Sub Prime – How Many Times Do We Hear That Word?

It’s not easy to be optimistic about the investment world and the economy when the headlines continue to include “Real Estate Prices Decline”, “Foreclosures Increase”, “Credit Tightens”, “Companies Writing off Billions of Dollars Due to the Sub Prime Crisis”. Why did this current problem in the marketplace happen? Whenever there are big dollars being made in short periods of time, excessive risk taking and greed take the place of sound investment principles. We saw this in the latter part of the last century when the Y2K scare drove technology prices too high.

Many of those responsible for the sub prime upheaval are now becoming the victims. Mortgage salesmen wrote loans based upon the borrower’s ability to refinance rather than on the ability to repay. If the borrower defaulted the salesmen still got their commissions. Many of the salesmen are now out of jobs. Borrowers bought homes and took out equity loans they couldn’t afford. That didn’t matter. As home prices kept rising they could always refinance, creating more costs they could not afford. Some of these borrowers will lose their new homes or in some cases homes they have had for years. Financial organizations bought loans to turn into securities that gave them high yields. If the borrower defaulted, the organizations still got their fees.

Now the losses are piling up. Several firms worldwide (it did not happen just in the U.S.) are collectively expected to write down about 90 billion dollars in sub prime losses by the end of 2007. And they probably are not done with the write downs. To this point, the government has not stepped in to bail the problem out and hopefully they will keep our tax dollars out of it. Over the last nine to ten years our economy has faced numerous “economic crises” that were going to devastate our economy and the markets. These crises run the gamut from the Enron problem, the previously mentioned Y2K, and the tragic 9/11. The economy has recovered from these crises and we will rebound from the sub prime mortgage problem. Some firms have or will go out of business. The Citigroup and Merrill Lynchs of the world will write off billions, but they make more than that in other areas.

The Stock Market

There were no presents under the tree in the stock market this holiday season. Eight out of the last 11 years the market has seen a significant rise in the last 15 days of December. It appeared the markets were moving more positive and then the assassination in Pakistan took place with blame being put at an Al Qaeda group. The equity markets, like our Minnesota lakes, are perched on very thin ice; too much weight and we go down. The year 2007 has been very turbulent with many days where the market has moved by 1% or more either up or down.
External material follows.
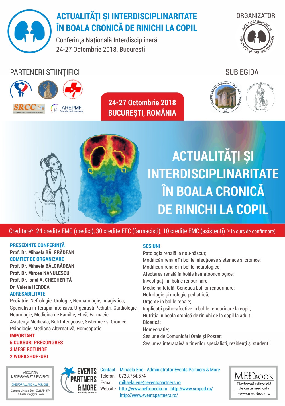 Afisari: 3813In perioada 24-27 octombrie 2018, va avea loc la Bucuresti cea de a II-a editie a Conferintei Nationale Interdisciplinare de Nefrologie si Urologie Pediatrica cu tema ACTUALITATI SI INTERDISCIPLINARITATE IN BOALA CRONICA DE RINICHI, LA COPIL, Organizator - SRNUP, Presedinte- Prof. Dr. Mihaela Balgradean/Sp. “M. S. Curie”Bucuresti.

On October 9 of this year the Standard & Poors 500 Index peaked at 1,565. This was an increase from their average of 777, which took place exactly five years prior to that. This is after the index had dropped 49% over the two and a half year period prior to October of 2002. Since October 9 of this year we have subsequently experienced a 10% correction in the market, which is basically where the market closed at the end of the year. We anticipate 2008 to be another volatile year from an overall trading point. Our expectation would be for somewhere between a 5% and 8% increase in the market by year end.

The Bond Market

Interest rates continued to decline during the quarter with the rate on a 10-year treasury note dropping a little over ½ of 1%. During this same period of time the Federal Reserve also dropped the Fed Funds rate by ½ of 1%. The Federal Reserve continues to balance their decision making process between the problems with inflation and the concern of the country slipping into a recession. Most economists feel that we most likely will avoid a recession; however, this too is on thin ice. Our expectations and the projection of the economists is that there probably will be another quarter point decline in the Fed Funds rate prior to the end of the first quarter. We do not see much movement in the overall interest rates for the year 2008.